From: Rick Jelliffe <ricko@allette.com.au>
Date: Sat, 28 Jun 1997 04:00:16 +1000
To: <w3c-sgml-wg@w3.org>
Message-Id: <199706271823.EAA11037@jawa.chilli.net.au>
> From: Bert Bos <bert@w3.org>

> A proposal:
> 
> * Make the values of ID attributes case-sensitive

It is a fair proposal, and a well-troden path. The basic reason
why not is that it introduces a whole new class of frustrating 
errors for users, especially users coming from the PC world, who
assume that identifiers are case-insensitive as a matter of course.
 
> The HTML WG recently studied the issue. In summary:
> 
>   - current browsers don't consider <A NAME="xxx"> to be a
>     target for <A HREF="#XXX">

In SGML, in most DTDs entity references are case sensistive
(to get a difference between &Aumlaut; and &aumlaut;), but
other names (e.g. the GIs of elements aren't).  Of course,
SGML lets you pick the case behaviour, and after 10 years
people still predominantly choose case-insensitive names.

>   - there is no way to determine the language of an ID,
>     therefore the case-mapping rules aren't known either.
>     Any mapping rule will surprise some people.

Software that is predictable will surprise some people :-)

The Unicode 2.0 book (p.4-2) notes "in general, the vast majority
of case mappings are uniform accross languages".  

We discussed the issue (at WG8 in 1995) of whether SGML 
should allow more sophisticated kinds of case mapping 
(e.g. many to single), and we found that no national body 
wanted to request it. The  general consensus was that 
to have more complex rules, just to handle a few abberrant 
case mappings was not worth complicating the SGML declaration 
more over.  And especially if each problem occurred for 
only a single nation's script, and if each needed
a different syntax.

>   - case-sensitivity is easy to explain and avoids
>     surprises (e.g., people find it easy to see a
>     difference between A and a, much easier than between
>     full-width/half-width letters in Japanese, or
>     precomposed letters and floating accents, e.g....)

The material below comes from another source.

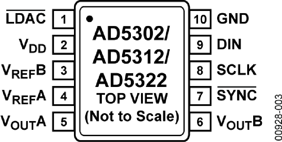 采用轨到轨方式工作的输出缓冲放大器,通过LDAC引脚(低电平有效)同时更新DAC输出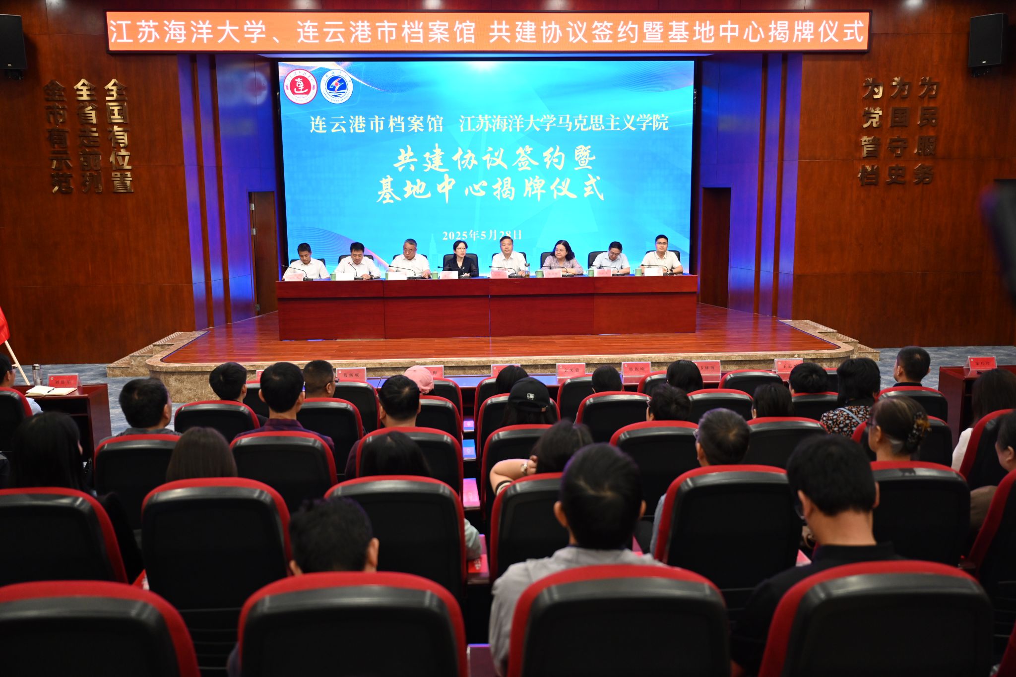 马克思主义学院院长沈春梅代表马克思主义学院与市档案馆签署共建思政课实践教学基地协议,并宣读了江苏海洋大学兼职思政课教师聘书。

In the particular case of the full-width and half-width 
alphabets and katakana, only one set is allowed in the 
SGML declaration I have sent in. (All compatability zone
characters are dropped.)
 
>   - case-insensitive mapping is hard to implement;
>     it needs a few dozen Kb of tables in Java.

We are using the standard Unicode case-mapping, I believe.
JDK 1.1 comes with Unicode case functions in java.lang.character.

>   - the repertoire of Unicode/ISO-10646 is open-ended: more
>     letters will be added later, but with case-insensitive
>     mapping, the implementations won't have to change.

I have always pushed that XML naming rules stick with just the
characters that appear in common words and are in non-surrogate, 
non-compatability zone Unicode.  Native Language Markup does not
demand that all words be available, just a minimum set.  

> The well-known problem cases are the dotless-i of Turkish, the
sharp-s
> of German, the uncertainty over dropping accents from uppercase
letters
> in French.

But Germans know they have a problem with computers and the sharp-s,
and
Turks know their eyes are dotty. I don't know what the French think
about
their accents, but I'd imagine it is the same.  

As far as the Turkish I goes, I'd much prefer to say they all four are
the 
same character.  But we should defer to the Unicode people: it is their
game.

In English, we don't really complain because we cannot have spaces 
in our names, even though it produces somewhat artificial strings;
the Germans may smile at us pityingly and pat themselves on their
backs for having  an agglutinating language.  In English we care that
we can use alphabetics and that we can at least make sense of our 
identifiers.   

I think people know that universality gives more immediate results,
even
if there are still a few bumps for most nations. 


Rick Jelliffe
Received on Friday, 27 June 1997 14:24:09 UTC